WHAT YOU NEED TO DO: Pictures excluded, output the lines of the data below between the one holding "A Prefeitura de" and the one holding "I’ve tried quite", inclusive, exactly as they stand.

DATA EXTRACT:

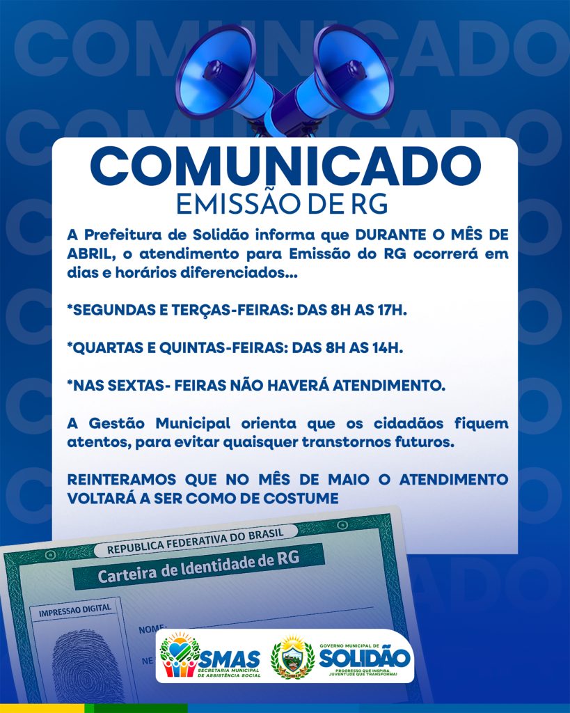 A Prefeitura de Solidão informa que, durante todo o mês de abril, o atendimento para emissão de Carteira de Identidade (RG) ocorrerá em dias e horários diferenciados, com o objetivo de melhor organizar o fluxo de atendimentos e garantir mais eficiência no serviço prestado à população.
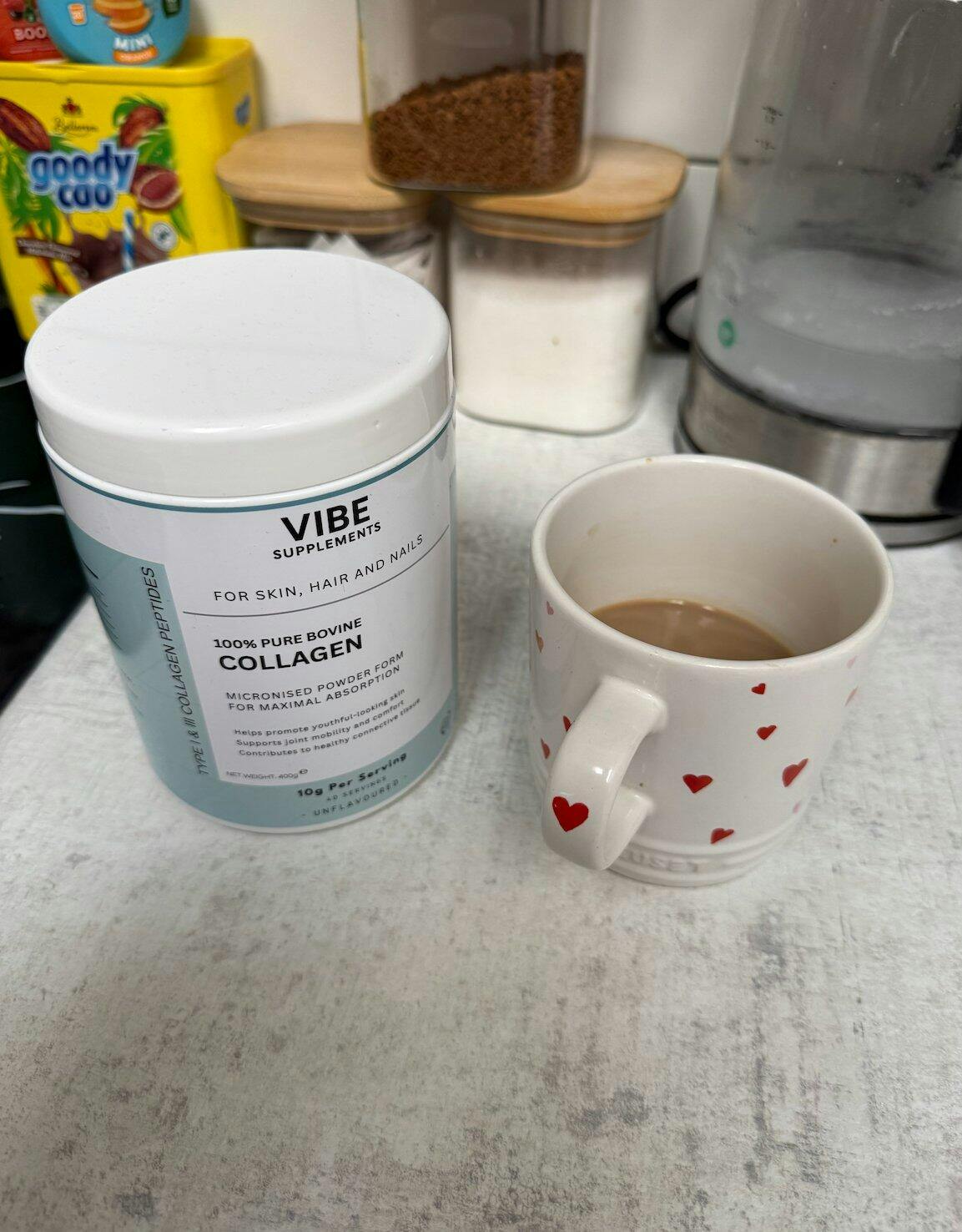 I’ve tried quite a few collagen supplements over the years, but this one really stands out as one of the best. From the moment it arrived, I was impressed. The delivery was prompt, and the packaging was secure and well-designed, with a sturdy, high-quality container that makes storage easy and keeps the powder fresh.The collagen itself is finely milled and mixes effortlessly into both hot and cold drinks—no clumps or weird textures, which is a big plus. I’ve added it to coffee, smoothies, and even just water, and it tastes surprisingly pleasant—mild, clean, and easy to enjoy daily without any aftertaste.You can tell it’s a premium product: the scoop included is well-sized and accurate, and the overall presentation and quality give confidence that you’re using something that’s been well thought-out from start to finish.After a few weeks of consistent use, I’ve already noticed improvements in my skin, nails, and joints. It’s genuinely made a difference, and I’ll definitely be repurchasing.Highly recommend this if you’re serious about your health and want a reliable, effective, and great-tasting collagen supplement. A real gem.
==
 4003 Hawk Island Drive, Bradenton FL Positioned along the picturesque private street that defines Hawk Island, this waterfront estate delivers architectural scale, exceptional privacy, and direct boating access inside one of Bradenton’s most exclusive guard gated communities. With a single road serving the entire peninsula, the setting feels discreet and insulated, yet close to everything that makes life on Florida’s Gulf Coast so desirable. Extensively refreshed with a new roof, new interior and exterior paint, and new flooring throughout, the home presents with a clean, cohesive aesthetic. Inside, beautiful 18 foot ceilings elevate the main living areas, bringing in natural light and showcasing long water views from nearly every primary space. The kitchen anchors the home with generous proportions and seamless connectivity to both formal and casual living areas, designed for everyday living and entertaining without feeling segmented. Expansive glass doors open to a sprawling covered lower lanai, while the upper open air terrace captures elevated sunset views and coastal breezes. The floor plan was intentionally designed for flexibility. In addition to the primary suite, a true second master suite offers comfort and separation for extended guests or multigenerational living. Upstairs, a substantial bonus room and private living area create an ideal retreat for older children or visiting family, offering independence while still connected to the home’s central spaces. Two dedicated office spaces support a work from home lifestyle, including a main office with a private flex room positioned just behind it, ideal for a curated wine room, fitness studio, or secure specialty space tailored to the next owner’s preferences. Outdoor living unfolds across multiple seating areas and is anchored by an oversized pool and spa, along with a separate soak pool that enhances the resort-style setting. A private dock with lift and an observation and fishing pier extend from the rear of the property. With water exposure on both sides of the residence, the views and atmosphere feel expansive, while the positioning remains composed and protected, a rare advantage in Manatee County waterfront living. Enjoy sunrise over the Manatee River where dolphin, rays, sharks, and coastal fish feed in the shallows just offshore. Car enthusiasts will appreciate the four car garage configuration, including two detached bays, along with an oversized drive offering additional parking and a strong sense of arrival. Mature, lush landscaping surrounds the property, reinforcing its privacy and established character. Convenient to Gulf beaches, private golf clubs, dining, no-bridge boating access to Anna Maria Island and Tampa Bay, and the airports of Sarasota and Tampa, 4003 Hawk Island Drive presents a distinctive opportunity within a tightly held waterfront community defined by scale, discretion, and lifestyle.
...
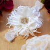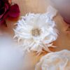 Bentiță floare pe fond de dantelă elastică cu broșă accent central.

WRITTEN ANSWER:
 A Prefeitura de Solidão informa que, durante todo o mês de abril, o atendimento para emissão de Carteira de Identidade (RG) ocorrerá em dias e horários diferenciados, com o objetivo de melhor organizar o fluxo de atendimentos e garantir mais eficiência no serviço prestado à população.
 I’ve tried quite a few collagen supplements over the years, but this one really stands out as one of the best. From the moment it arrived, I was impressed. The delivery was prompt, and the packaging was secure and well-designed, with a sturdy, high-quality container that makes storage easy and keeps the powder fresh.The collagen itself is finely milled and mixes effortlessly into both hot and cold drinks—no clumps or weird textures, which is a big plus. I’ve added it to coffee, smoothies, and even just water, and it tastes surprisingly pleasant—mild, clean, and easy to enjoy daily without any aftertaste.You can tell it’s a premium product: the scoop included is well-sized and accurate, and the overall presentation and quality give confidence that you’re using something that’s been well thought-out from start to finish.After a few weeks of consistent use, I’ve already noticed improvements in my skin, nails, and joints. It’s genuinely made a difference, and I’ll definitely be repurchasing.Highly recommend this if you’re serious about your health and want a reliable, effective, and great-tasting collagen supplement. A real gem.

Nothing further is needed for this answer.